Das 1×1 des Grillfleischs – Tipps für den perfekten Grillgenuss

Churrasco Grillfleisch

Grillen liegt absolut im Trend. Zu Recht, hält doch das Outdoor-Kochen unendliche viele Genüsse jenseits von Bratwurst und Nackensteak bereit. Vieles lässt sich zum Thema Grillen erzählen. Wir widmen uns an dieser Stelle jedoch ausschließlich dem Grillfleisch. Denn trotz der vielen Alternativen – von Gemüse bis Fisch – bleibt es der Deutschen liebstes Grillgut. Damit Sie den Fleischgenuss erleben dürfen, den Sie verdienen, sollten Sie einiges beachten.

Das richtige Grillfleisch auswählen

Wie in der Küche, gilt auch beim Garen auf Terrasse oder Balkon: Der Genuss steht und fällt mit der Auswahl der Rohware. Achten Sie vor allem auf die Fleischqualität. Lassen Sie die Finger von abgepacktem Fleisch aus dem Supermarkt. Es ist zumeist „unter Schutzatmosphäre“, also mit einem Gemisch aus Sauerstoff und Kohlendioxid verpackt. Dadurch wirkt es frisch und rosa, obwohl dies zumeist nicht der Realität entspricht. Kaufen Sie das Fleisch nur beim Metzger oder Händler Ihres Vertrauens und achten Sie auf Frischemerkmale. Die Schnittflächen sollten stets trocken sein. Nasses Fleisch ist ein Indikator für schlechte Zuchtbedingungen. Bei Geflügel sollte das Fleisch eng an der Haut liegen. Generell sollte Grillfleisch nicht zu mager sein, sondern lieber zart marmoriert. Die Fettadern zergehen beim Grillen und machen das Fleisch saftig und aromatisch. Wegen des anhaltenden Trends zu mageren Produkten wurden den Hochleistungstieren die Fettadern weitgehend „weggezüchtet“. Greifen Sie am besten zu Fleisch von reinen Fleischrindern. Sie haben noch marmorierteres Fleisch. Außerdem ist Färsen- oder Ochsenfleisch in der Regel fettdurchzogener als das von Jungbullen.

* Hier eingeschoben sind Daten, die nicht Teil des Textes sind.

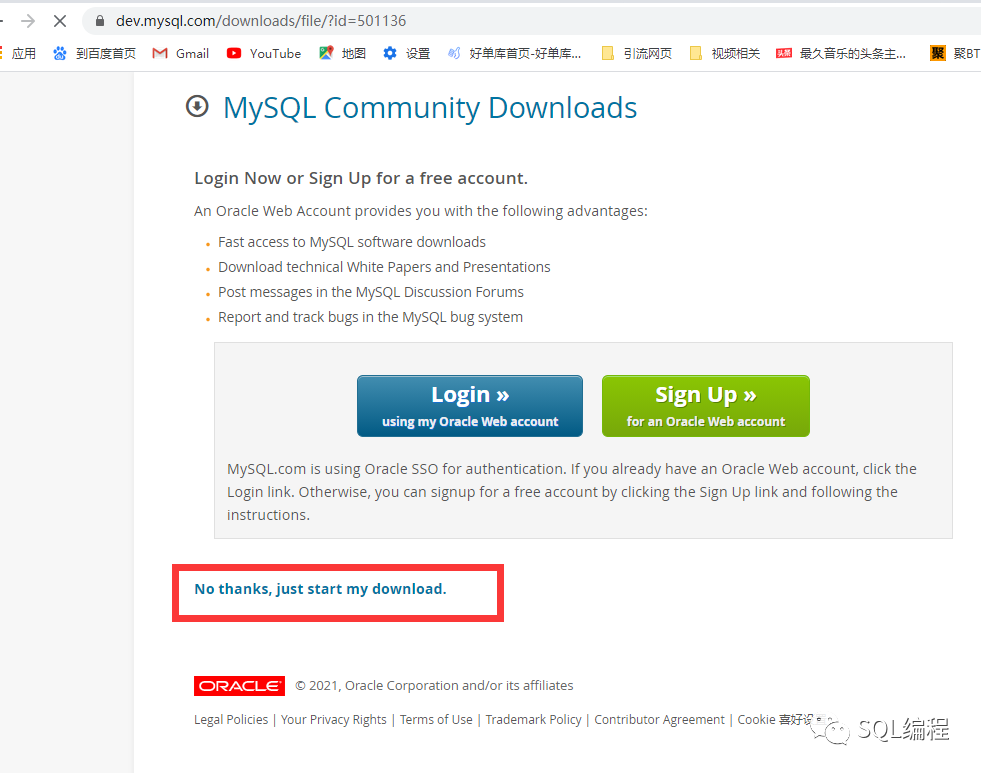 5、跳过登录页面,直接点击 No thanks, just start my download. 下载即可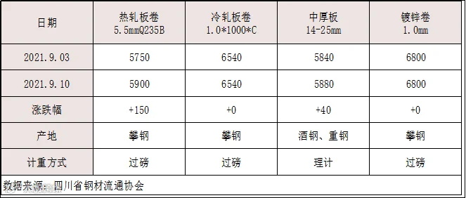 据四川省钢材流通协会对本周成都现货市场监测显示;热轧板卷较上周上涨150元/吨;冷轧板卷较上周价格持平;中厚板较上周上涨40元/吨;镀锌板上周价格持平。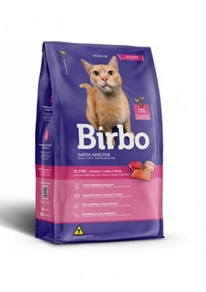 Birbo Premium Cats Mix, developed to please the cats' demanding palate. Complete and balanced diet with selected ingredients, animal and vegetable proteins, enriched with vitamins and minerals at levels suitable for adult cats. Birbo Cats Mix contains Taurine, an amino acid essential to the diet of cats that helps mantains vision and heart health and contains extract of Yucca Schidigera, which acts at the intestinal level, reducing the odor of feces. Guaranteed Analisis Crude Protein (min.) 300g/kg (30%) Crude Fat (min.) 100g/kg (10%) Crude Fiber (max.) 35g/kg (3,5%) Ash (max.) 90g/kg (9%) Calcium (min./max.) 10g/kg - 24g/kg (1,0% -2,4%) Phosphorus (min./max) 8000mg/kg-16g/kg (0,8 - 1,6%) Sodium (min.) 3000mg/kg (0,3%) Taurine (min.) 1000mg/kg Saponin (min.) 7mg/kg Omega 3 (linolenic acid) (min.) 1000mg/kg (0,1%) Omega 6 (linelic acid) (min.) 10g/kg (1%) Moisture (max.) 100g/kg (10%) Metabolizable Energy 3750kcal/kg Made In Brazil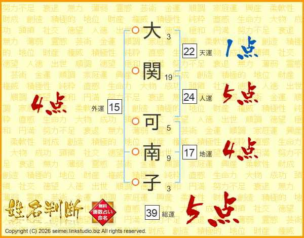 大(3画)関(19画) 可(5画)南(9画)子(3画)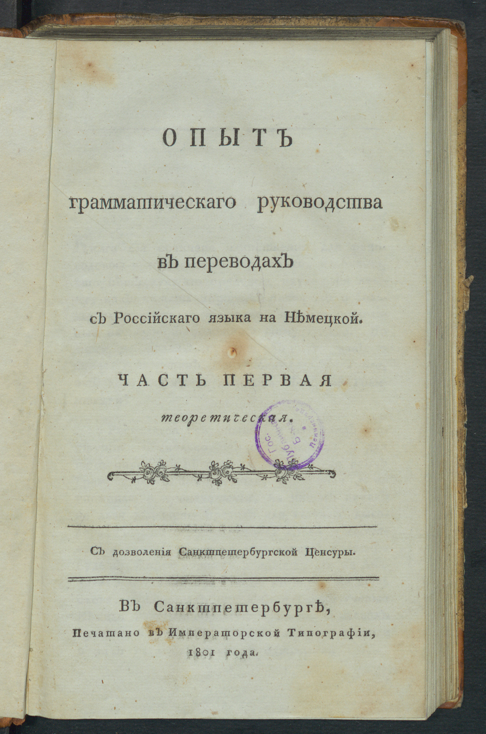 Опыт грамматическаго руководства в переводах с российскаго языка на немецкой. Ч. 2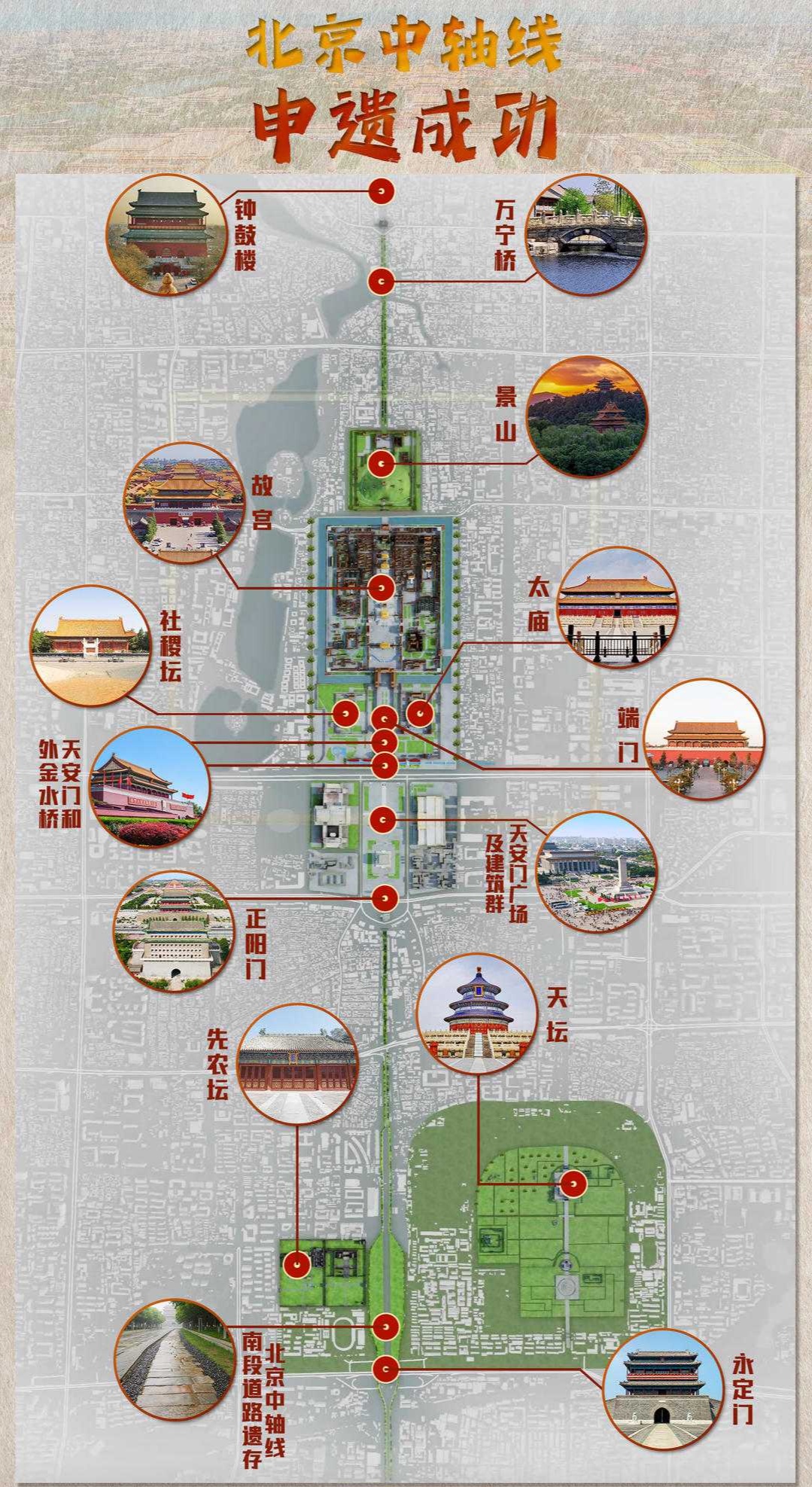 北京中轴线位于北京老城中心,全长7.8公里,始建于13世纪,是统领整个老城规划格局的建筑与遗址的组合体。北京中轴线共包含15处遗产构成要素,北起钟鼓楼,一路向南经万宁桥、景山、故宫、端门、天安门、外金水桥、天安门广场及建筑群、正阳门、中轴线南端道路遗存,至南端的永定门。太庙和社稷坛、天坛和先农坛分列中轴线东西两侧。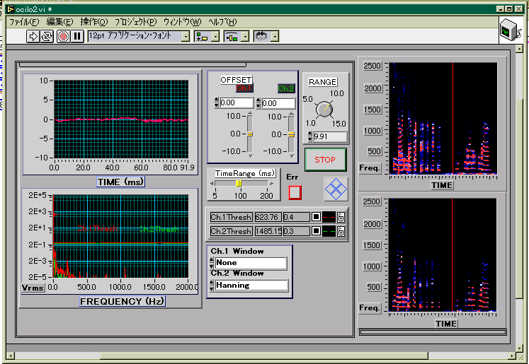 前に作った2Chオシロ&FFTアナライザーに時間vs周波数グラフの表示機能を付けたい。そうすれば、もしも音声解析に利用するならば、声紋分析もできる。また、振動解析ならば、周波数変化を簡単に調べることができる。こういったものが簡単に作れるのはLabViewの素晴らしい所だ。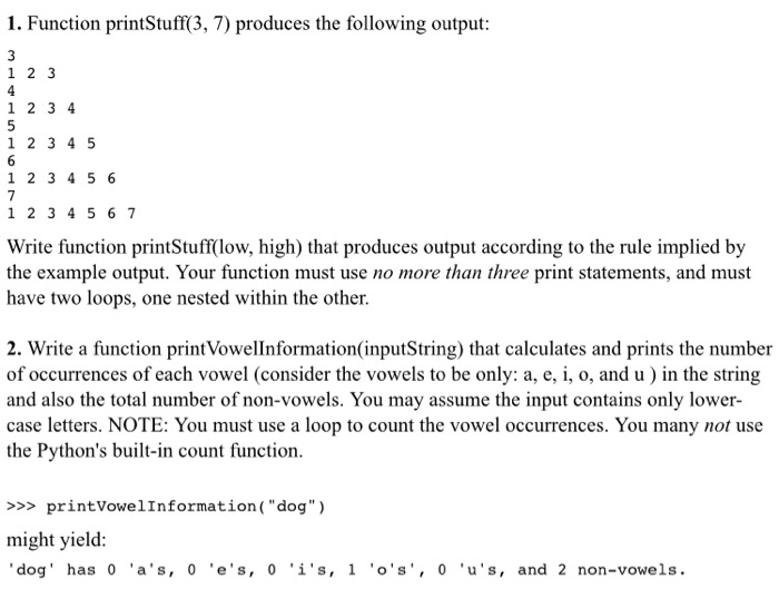 Solved 1. Function printStuff(3, 7) produces the following | Chegg.com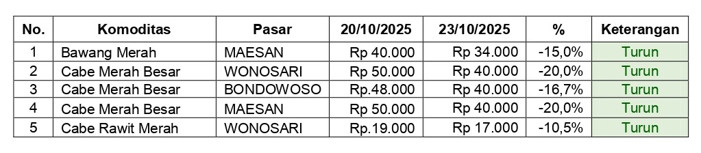 Dari data yang diperoleh, terjadi penurunan harga yang cukup tajam pada komoditas Cabe Merah Besar. Di Pasar Wonosari dan Pasar Maesan, harga cabe merah besar turun Rp 10.000 yakni dari Rp 50.000 menjadi Rp 40.000, dan di Pasar Induk Bondowoso turun Rp 8.000 yakni dari Rp 48.000 menjadi Rp 40.000.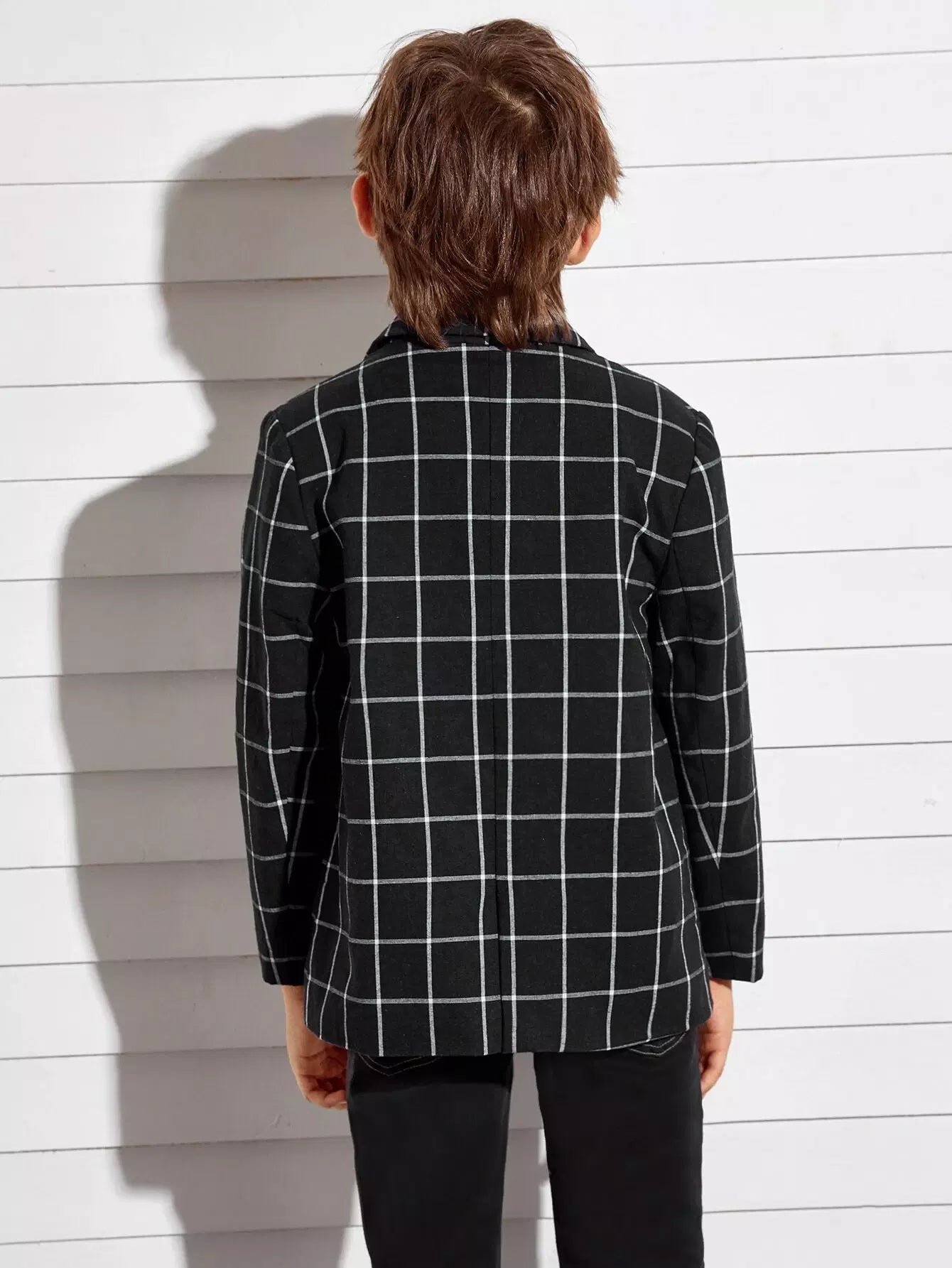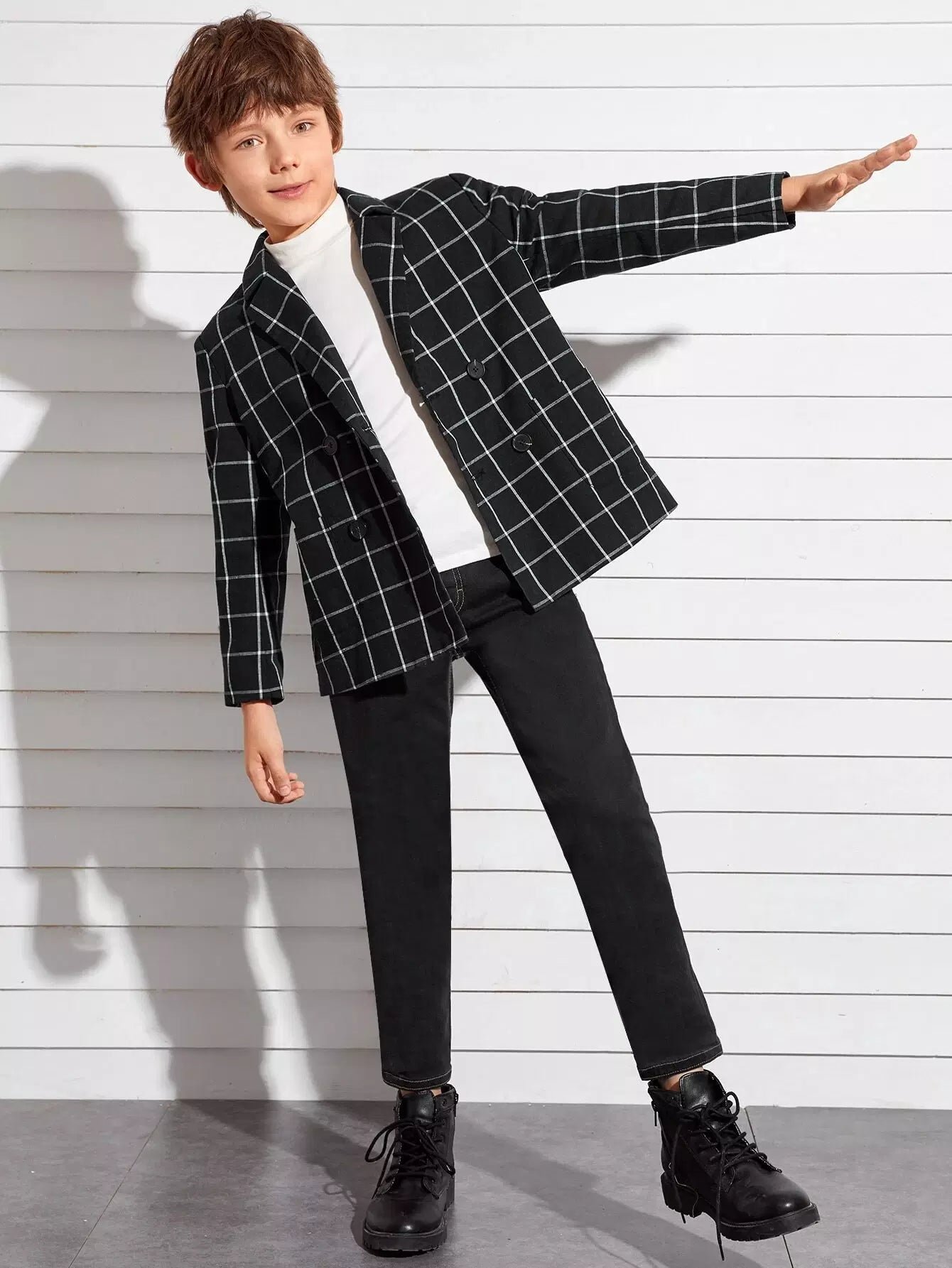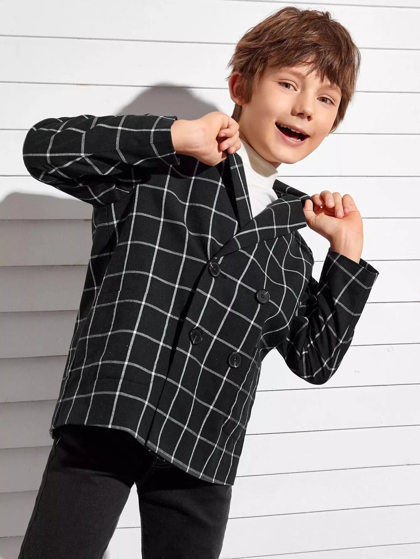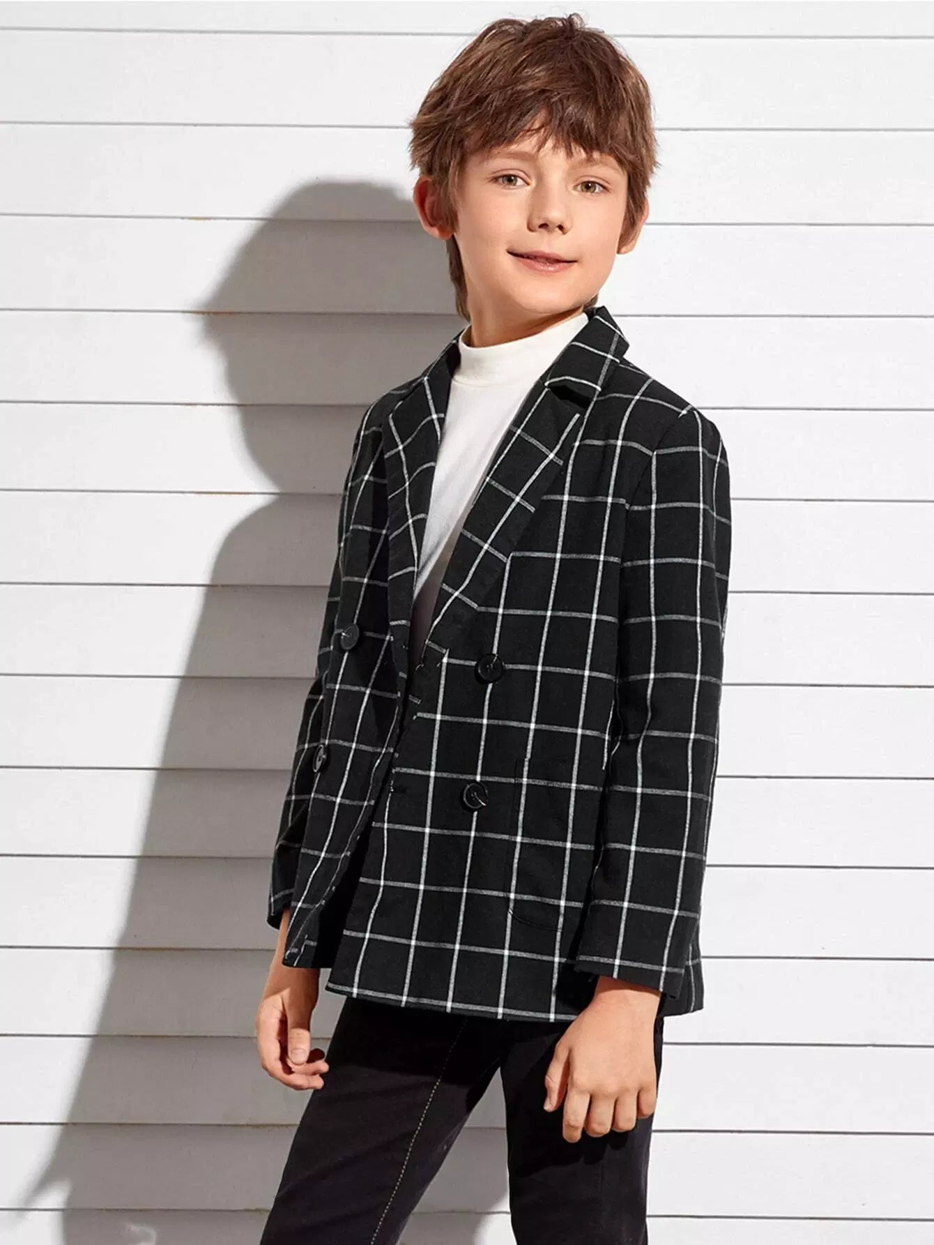 معطف شبكي مزدوج الصدر بياقة مدببة للأولاد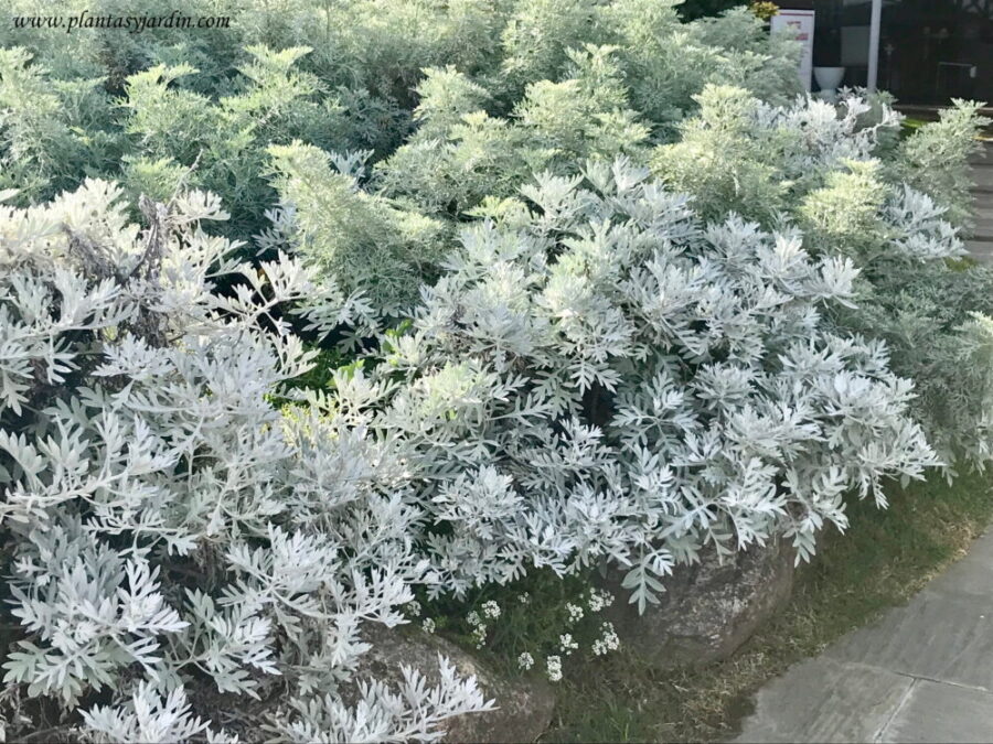 - Follaje: perenne. Tiene hojas alternas, alargadas, ovaladas, profundamente lobadas, pubescentes y de color gris plateado y blanco en el envés.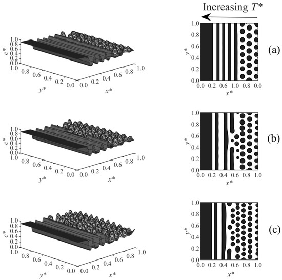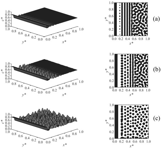 Figure 7a,b, since the phase separation by spinodal decomposition was stronger at the high diffusivity and could prevent the stripes from forming. In the presence of a temperature gradient, the enrichment layer got slightly thinner with increasing diffusivity (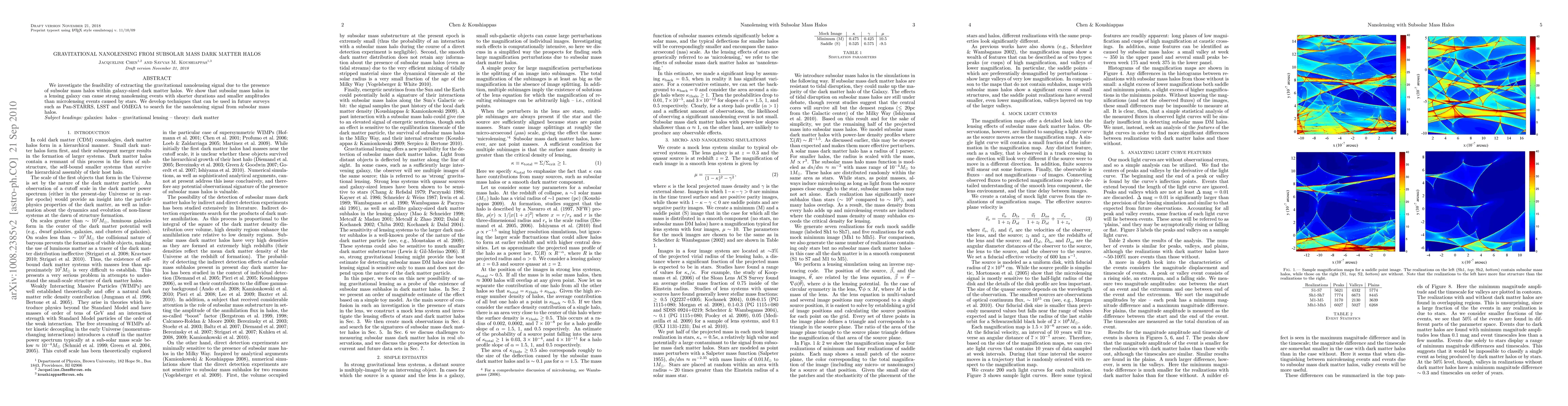 We investigate the feasibility of extracting the gravitational nanolensing signal due to the presence of subsolar mass halos within galaxy-sized dark matter halos. We show that subsolar mass halos in a lensing galaxy can cause strong nanolensing events with shorter durations and smaller amplitudes than microlensing events caused by stars. We develop techniques that can be used in future surveys such as Pan-STARRS, LSST and OMEGA to search for the nanolensing signal from subsolar mass halos.

Rindfleisch – der Klassiker auf dem Grill

Txogitxu_Beef

Kaufen Sie nur bindegewebsarme Stücke wie Rücken, Hüfte oder Filet. Andere Teile können auf dem Grill leicht zäh werden. Achten Sie außerdem darauf, dass das Fleisch gut abgehangen ist.

Ein Hochgenuss ist das gegrillte Fleisch des japanischen Wagyu-Rinds. Es gilt als das beste und teuerste der Welt. Kein anderes Fleisch ist so stark und gleichmäßig marmoriert. Zum Inbegriff kulinarischen Fleischgenusses wurde es als sogenanntes Kobe-Rind von Tieren, die in der gleichnamigen Region geboren, aufgezogen, gemästet und geschlachtet wurden. Zum Weltruf des Wagyu-Rindes trägt aber sicher auch seine Seltenheit bei. Fleisch und lebende Tiere werden so gut wie nicht ins Ausland exportiert. Das Wagyu-Fleisch ist unendlich zart, saftig, aromatisch und schmilzt förmlich auf der Zunge. Besonders saftig zum Grillen ist die Flanke.

Eine ebenfalls seltene und aromatische Delikatesse ist das Fleisch der baskischen Txogitxu-Rinder. Sie werden artgerecht auf der Weide gehalten und erst in fortgeschrittenem Alter geschlachtet. Charakteristisch für das Fleisch ist seine natürliche feine Fettmarmorierung, ähnlich der des Wagyu-Rindes, sowie seine dichte äußere Fettschicht. Zum Grillen eignen sich besonders Txogitxu Roastbeef oder Rib-Eye-Steaks.

Schweinefleisch – Qualität statt 0815-Grillen
Bunten Bentheimer Schwein

Der Deutschen liebstes Fleisch kann auch auf dem Grill zum außergewöhnlichen Geschmackserlebnis werden. Achten Sie beim Einkauf darauf, dass das Fleisch nicht blass, sondern dunkelrosa ist.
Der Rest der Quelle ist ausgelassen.